There had to be a way to teach new writers how to ramp up the creative process and generate solid books at a professional pace.

When I met Piper, she was shopping a completed manuscript called Seeds. Though I was no longer taking on editing work at this point, I gave in when it came to Piper because she is cute and fun to hang out with. I agreed to edit the first hundred pages because Piper was headed to another conference the next month and a big-time editor had expressed interest in her story idea.

Piper sends me the document and…

Kill. Me. Now.

Three pages in, I sensed we needed to call Literary FEMA. All the rookie mistakes. ALL OF THEM. I remember hitting about page 65 and calling her.
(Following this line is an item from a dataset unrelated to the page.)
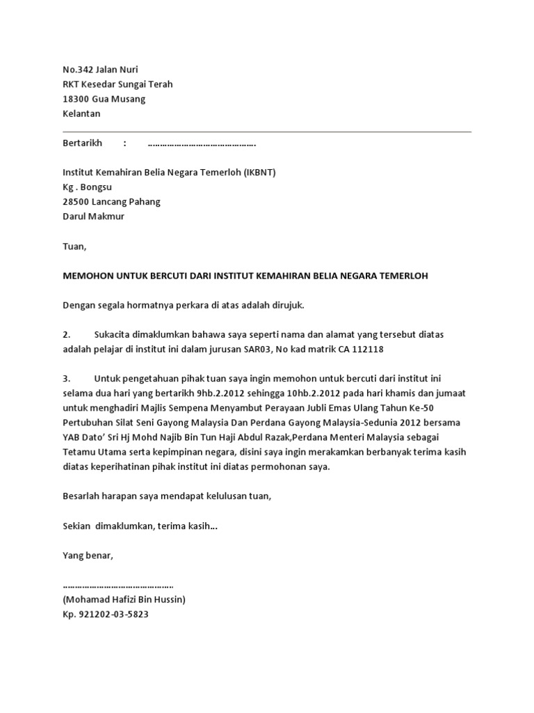 Format Surat Rasmi Cuti Kerja Lebih Format Surat Rasmi Cuti Kerja In English Format Surat Rasmi Permohonan Cuti Format Surat Ra Surat Format Personalized Items

Me: Um, Piper, you, uh, have a lot of characters.

Piper: There aren’t that many.

Me: Are they all relevant to the story?

Piper: Well, maybe not in this book, but it’s going to be a series.

Me: *head desk* Okay, but still you have A LOT of characters.

Piper: Not really.

Me: I counted. I am at page 65 and you have almost 70 named characters. When you name them, that is a cue we need to care. It’s impossible to care about 70 people in less than 70 pages.
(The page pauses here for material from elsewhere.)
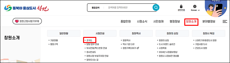 창원소개 메뉴에서 시청안내의 조직도를 클릭해보시기 바랍니다.
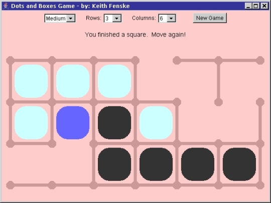 Zábavná hra s jednoduchou grafikou. Tato hra je vhodná jak pro jednoho tak pro více hráču. Při hře více hráčů se hráči střídají. Jeji úkolem je spojit úsečky do čtverců. Po vytvoření čtverce se jeho plocha barevně zvýrazní. Vítězí hráč s větším počtem čtverců. Ve hře si můžete zvolit obtížnost i počet sloupců a řádků pole.

She still didn’t believe me, so I went back through the manuscript and not only highlighted all the named characters (which included pets and extended family) but I wrote the names in a list.

Piper: Oh, wow. I guess I do have too many characters.

Me: Ya think?

I continued my edits and notes and this is how I earned the name The Death Star. By the end of the tortuous hundred pages, I told Piper that her book was all over the place.
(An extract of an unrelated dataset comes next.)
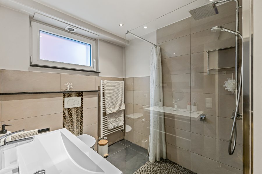 En Exclusivité, ImmoHouse vous propose ce superbe appartement 2 chambres avec garage et jardin en jouissance exclusive idéalement situé à Pétange.Au sein d'une résidence soignée de 4 unités cet appartement coup de coeur entièrement rénové de 86,87m² se compose de :
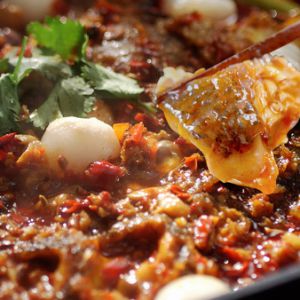 另起一锅加入少许油,放入蒜末、姜末和洋葱碎爆香,加入1袋清油火锅底料、2勺豆瓣酱、10根辣椒段、荔枝果泥和200ml水继续翻炒,待酱汁沸腾后,倒入一小碗淀粉水勾芡。

There were scenes that were irrelevant because she’d missed her core antagonist and core story problem. Because of this, the rest was just filler. She was “playing Literary Barbies” as I like to say.

Characters were talking to each other with no conflict, no scene goal. Melodrama filled in the gaps. Characters were psychologically inconsistent and half I would have recommended seek therapy and get medication. Their emotions were all over, namely to manufacture tension that couldn’t be created any other way (because no core story problem/antagonist).

I could tell she had a great storytelling voice (and a great idea for a novel), she just didn’t understand basic fundamentals, and that was derailing what she’d been trying to accomplish the past nine years.

I recommended we start a new book so she could learn the basics with a bit of guidance and then she’d have the skills to fix Seeds. But, Piper was determined to finish what she started and I knew this would mean a mass genocide of Little Darlings.

I only agreed to help for two reasons. First, Piper was a former lawyer so I knew she had a fabulous work ethic and tough skin. Secondly, I’d never tried to resurrect a novel from the dead and wondered if it was even possible. I knew it would stretch my skills and teach me just as much as it would teach Piper.

I stripped everything she’d written down to a single story problem then made her develop her core antagonist. Then we plotted from there, keeping and developing only the characters salient to the plot. I’d love to say this was easy for Piper, but I am pretty sure she was plotting her book and my death at a number of points along this journey.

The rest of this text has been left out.